Friday, 7 May 2010

Greece: A Nation at War with Itself

THE TELEGRAPH: The attack on an Athens bank that left three dead stirred memories of the blood-spattered years of Greek civil war in the 1940s. Former correspondent Harry de Quetteville reports that many fear the violence has yet to run its course.

When 44-year-old Marie-Therese Iatrou, who lives in a comfortable suburb outside Athens, spoke this week to her mother, Renna Nezos, she detected a note of panic in the 78-year-old's voice.

"I want to come and live with you outside the city," said Mrs Nezos, whose childhood home was occupied by the Nazis and who has vivid memories of the bloodshed of the civil war that followed. "I've seen this before."

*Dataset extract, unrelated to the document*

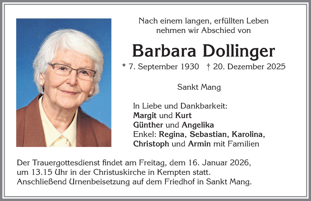 Hier finden Sie alle Traueranzeigen aus der Zeitung, die bisher für Barbara Dollinger erschienen sind. Weitere Traueranzeigen, die in der Zeitung erscheinen, werden hier ebenfalls aufgelistet

On the streets outside Mrs Nezos's window in the centre of Athens, tens of thousands of demonstrators were preparing to march against the extraordinary package of austerity measures imposed alongside the joint EU-IMF bailout that has saved the country from immediate bankruptcy.

To most observers of Greek street politics, there is nothing new, or particularly threatening, about the prospect of mass protest in this hot-blooded Mediterranean country, politically charged and potentially violent though such protest can be.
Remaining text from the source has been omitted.